Tvist med EU-kommisionen kan gynna Googles konkurrenter
Techjättarna är numera vana vid att bli utredda av EU:s lagstiftare. Men den överklagan som Google riktat mot kommissionen, och som snart ska avgöras, är av särskilt intresse för hela sektorn. Fallet är ett första test av vilken makt beslutfattarna har att kontrollera jätteföretagen. Tvisten kan bli ett prejudikat för vilka krav som Google och Apple kan ställa på leverantörer av enheter som exempelvis läsplattor och telefoner. Förlorar Google kan det skapa möjligheter för bolag som Amazon, Alibaba och Facebook, skriver Barron’s.
Google’s $5 Billion Android Battle Could End Its Dominance
Jack Denton, Barron's, 5 October 2021
Big Tech investors are used to scrutiny from European Union regulators. With the pile of pending cases and fresh inquiries launched by Brussels against the likes of Google, Apple, Facebook, and Amazon seemingly growing by the month, even technology analysts admit they find it hard to keep up.
But an appeal battle between Google and the European Commission in Luxembourg deserves special attention.
Much of the global effort to rein in Big Tech remains in the early stages — untested in courts. That’s what makes last week’s appeal trial between Alphabet‘s (ticker: GOOGL) Google and the EU so important. The verdict, now expected sometime in the coming months, is an early test of governments’ ability to force change at tech giants.

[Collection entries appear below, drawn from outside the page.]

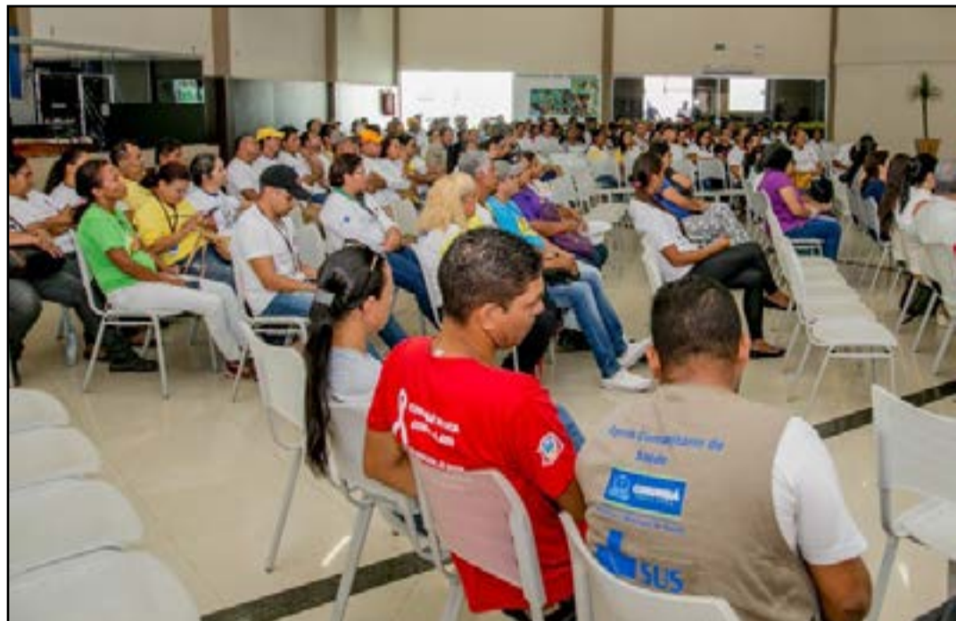
Projeto do Executivo valoriza agentes comunitários de saúde de Corumbá

Projeto de Lei encaminhado pelo Poder Executivo instituindo incentivo aos Agentes Comunitários de Saúde de até 50% do vencimento fixado para a Classe A, do nível I, da Tabela de Vencimento da Prefeitura de Corumbá, condicionado ao cumprimento de metas e produção, foi aprovado por unanimidade pela Câmara Municipal de Corumbá na sessão do dia 05 de setembro.
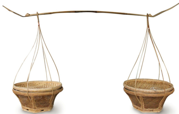
กระจาดหาบอาสาพร้อมกระโละและไม้คาน

3) กระจาดหาบอาสา เป็นหัตถกรรมเครื่องจักสานที่สานด้วยไม้ไผ่ใช้เป็นคู่มือสาแหรกที่ทำด้วยหวายทั้งเส้นรองรับ ต้องใช้ร่วมกับไม้คานสอดในส่วนบนของสาแหรกเป็นห่วงวางบนบ่าเพื่อแบกข้าวของไปไร่ไปนาหรือใส่สำหรับอาหารไปทำบุญที่วัด การสานลวดลายกระจาดอาสาสานด้วยลายตาฉลว มีลักษณะโปร่งเป็นตาหกเหลี่ยมทั้งใบ ตกแต่งที่ขอบปากด้วยหวาย ผูกขอบปากด้วยลายมัดหวายคู่และสานเป็นลายเส้นปลาซ่อน ด้านข้างขอบปากสานเป็นลายยายจูงหลานและเพื่อความแน่นหน้ายิ่งขึ้นใต้ขอบปากสานเป็นลายเกล็ดปลา ส่วนล่างใช้หวายสามเส้นซ้อนกันเฉพาะมุมทำเป็นฐาน ส่วนกันเป็นรูปทรงหกเหลี่ยม ใต้กันจะใช้ไม้ไผ่เหลาเป็นแท่งกลมปลายแหลมสอดรองเพื่อให้กันกระบุงมีความแข็งแรงมากขึ้น
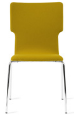
BOMBITO T by Jonas Lindvall
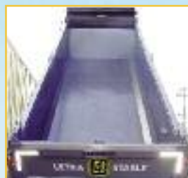
Plancher extra large idéal pour godet à fossé
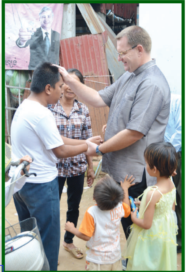
ស្នូលកិច្ចនៅព្រះសហគមន៍សំរោងធំ
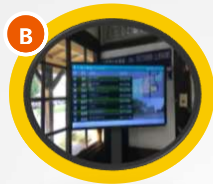
古老與現代的交集

但實際建築木頭上的油漆都已斑駁，年久失修，木質廊柱更因為嚴重腐蝕，缺少維護，實為可惜。
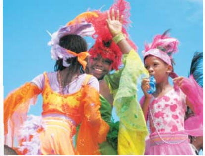
▲カーニバルに参加する子ども達
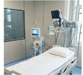
醫療科技、智慧健康與數位照護解決方案
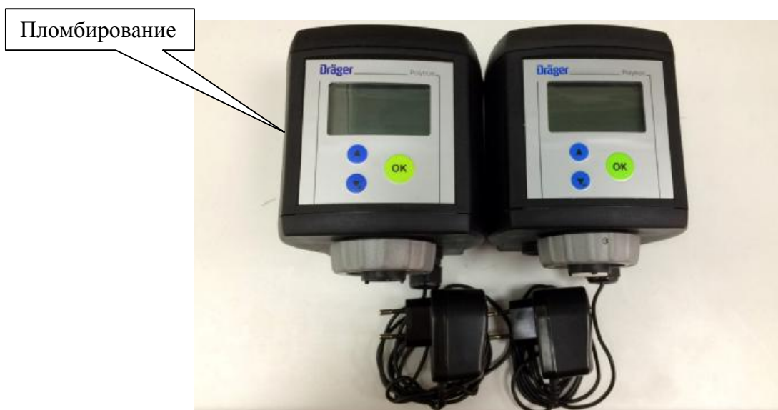
Рисунок 2 - Датчики контроля стабильности Dräger Polytron 7000 (с сенсорами Hydrazin и NO 2 )
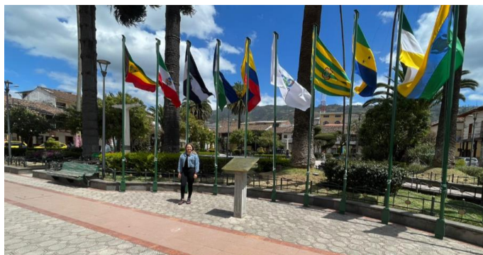
Ilustración 34. Calle de los Zapatos
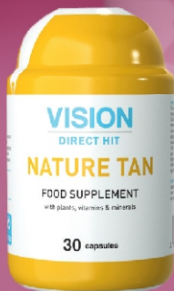
Nature Tan Ochrona skóry przed promieniowaniem UV
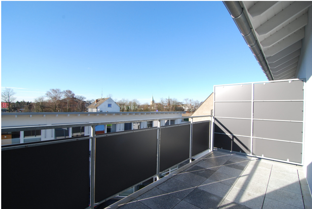
Barbarastr14A 2OGlinks Balkon 1
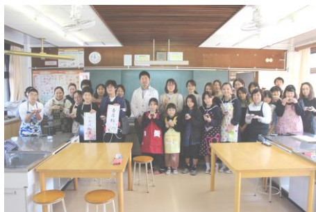
和菓子づくり（研修委員会）
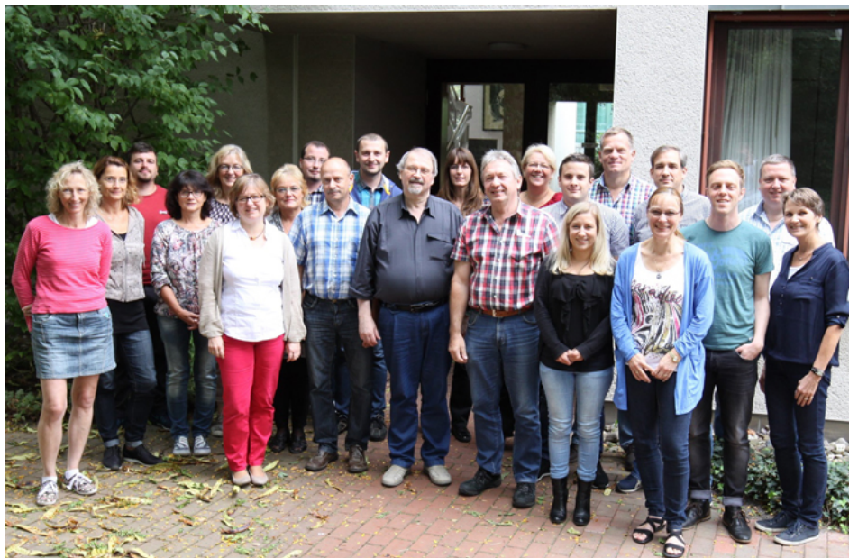
Teilnehmerinnen und Teilnehmer des Workshops zur Agrarstrukturerhebung in der Zweigstelle Bonn des Statistischen Bundesamtes.

Die Feldphase der Agrarstrukturerhebung (ASE) 2016 läuft seit etwa einem halben Jahr und dauert noch bis Februar 2017. Um während der Feldphase Erfahrungen und Tipps für die Erhebungsdurchführung austauschen zu können, trafen sich am 27. und 28. September Vertreterinnen und Vertreter der Statistischen Ämter des Bundes und der Länder auf Einladung des Bereichs „Agrarstrukturen, Integration neuer Themen, Georeferenzierung“ zu einem Workshop in der Zweigstelle Bonn des Statistischen Bundesamtes.
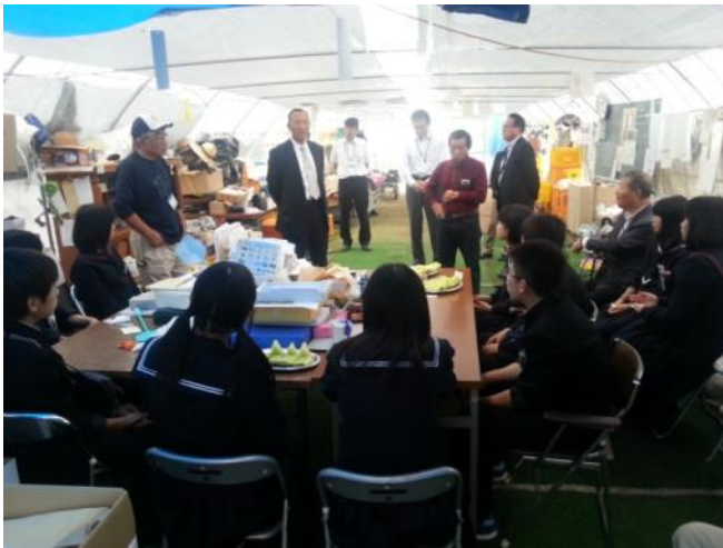
岩沼市相野釜ハウス園芸組合「メロンハウス」で震災当時の状況、 復興の状況などを伺いました。おいしいメロンも頂きました。
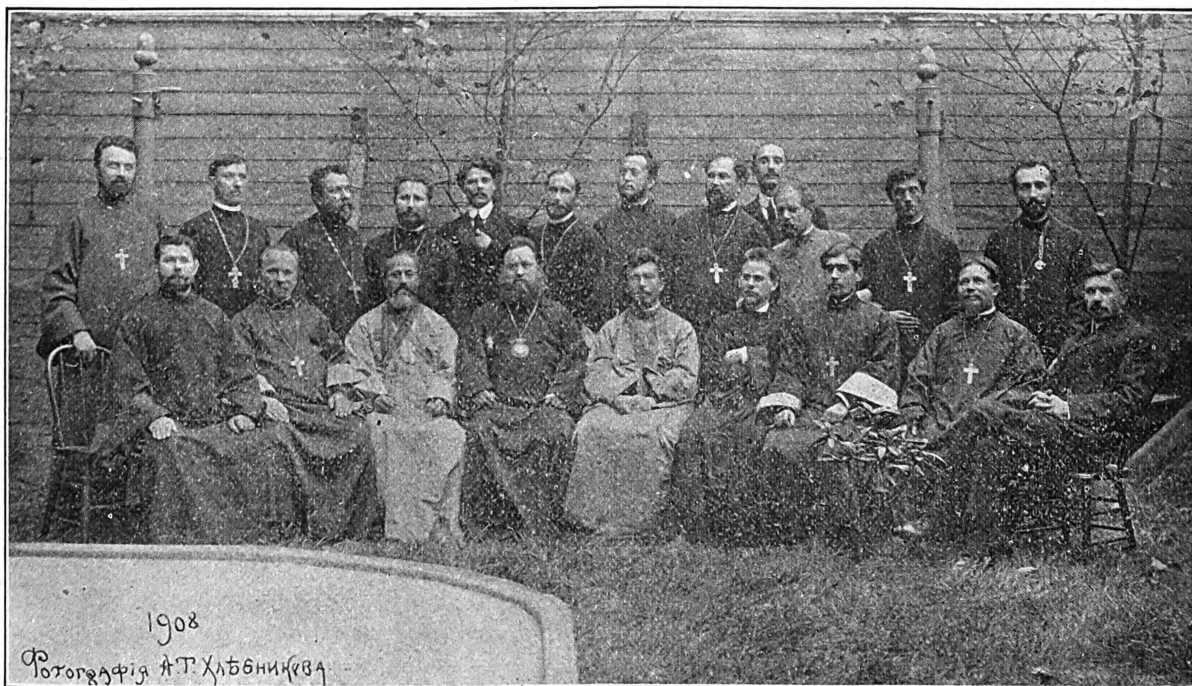
Высокопреосвященнѣйшій Владыка Платонъ и духовенство — въ день годовщины пріѣзда Архипастыря въ Америку.

почти одинъ противу всего стана вражя... И попрали силу вражю. Глянулъ красное Солнышко: нужны богатыри и въ далекой странѣ, за океанъ—моря глубокия брошенной. И тамъ на душу христіанскую, на сердце русское ополчается сила лютая, соловьи разбойники. И кликнулъ кличъ ко всей Русской Церкви богатырямъ—святителямъ Красное Солнышко: идите, богатыри, во страну ту дальнюю, вызволяйте отъ плѣну тяжкаго, грѣховнаго, отъ полона духовнаго моихъ христіанъ — едино-
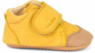
G1130015-6 DARK YELLOW
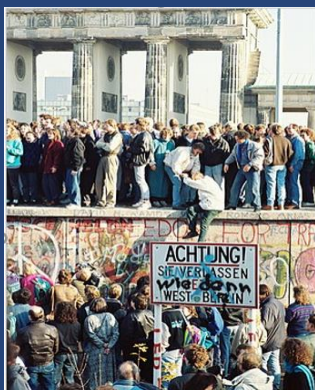
La caída del Muro de Berlín fue uno de los sucesos que revelaron los cambios en la RDA
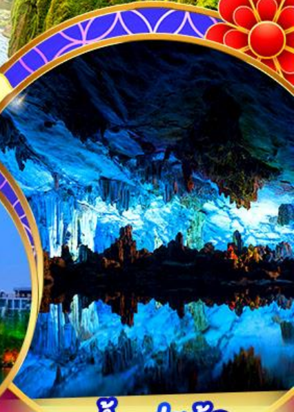
ถ้ำลุย้อ
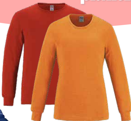
CHANDAIL COL ROND COTON
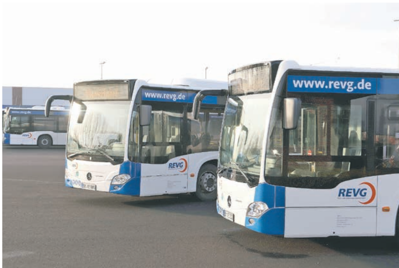
Die Stadt Bedburg bietet in Kooperation mit der REVG erstmals Zusatzfahrten zum Festival an.

Sie wollen das musikalische Highlight 2019 nicht verpassen? Dann kommen Sie doch ganz entspannt mit dem Bus zur MusikMeile und danach auch wieder sicher nach Hause – in diesem Jahr ist das erstmals möglich. Die Stadt Bedburg und die REVG Rhein-Erft-Verkehrsgesellschaft haben sich für die Besucherinnen und Besucher des Festivals für diesen Service zusammengetan. Insgesamt drei Buslinien und ein Shuttlebus-Transfer verbinden durch Zusatzfahrten sowohl entferntere Ortsteile wie Rath als auch Nachbarorte wie Elsdorf mit dem Festivalgelände.
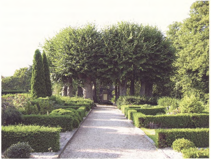
Afdeling 102, set mod nord med 1864 mindesmærket.

lingen havde i løbet af årene udviklet sig til mere skov end kirkegård, og var efterhånden et sted ingen ønskede gravsteder. I 1989 påbegyndtes derfor en total udskiftning af beplantningen.
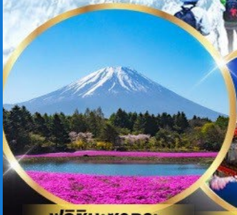
ฟูจิซึบะซาทุระ
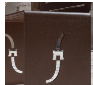
Option découpe laser

Scellement par 4 tiges Ø12mm (non fournies)
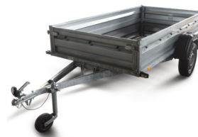
Rozbušovací pila na beton TS 360
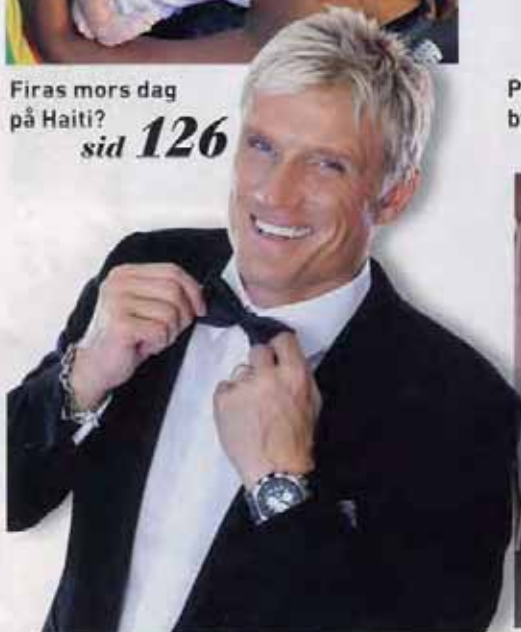
Mer attraktiv än någonsin! Dolph är en retro-hunk. sid 108

This fight over a 2018 order and $5.1 billion fine, has the potential to shake Google’s dominance in mobile search and the primacy of its Google Chrome internet browser. Losing the appeal could remove Google’s stranglehold over the Android universe, which for years has fed cash to the company’s advertising business by helping to serve ads to users of the mobile operating system.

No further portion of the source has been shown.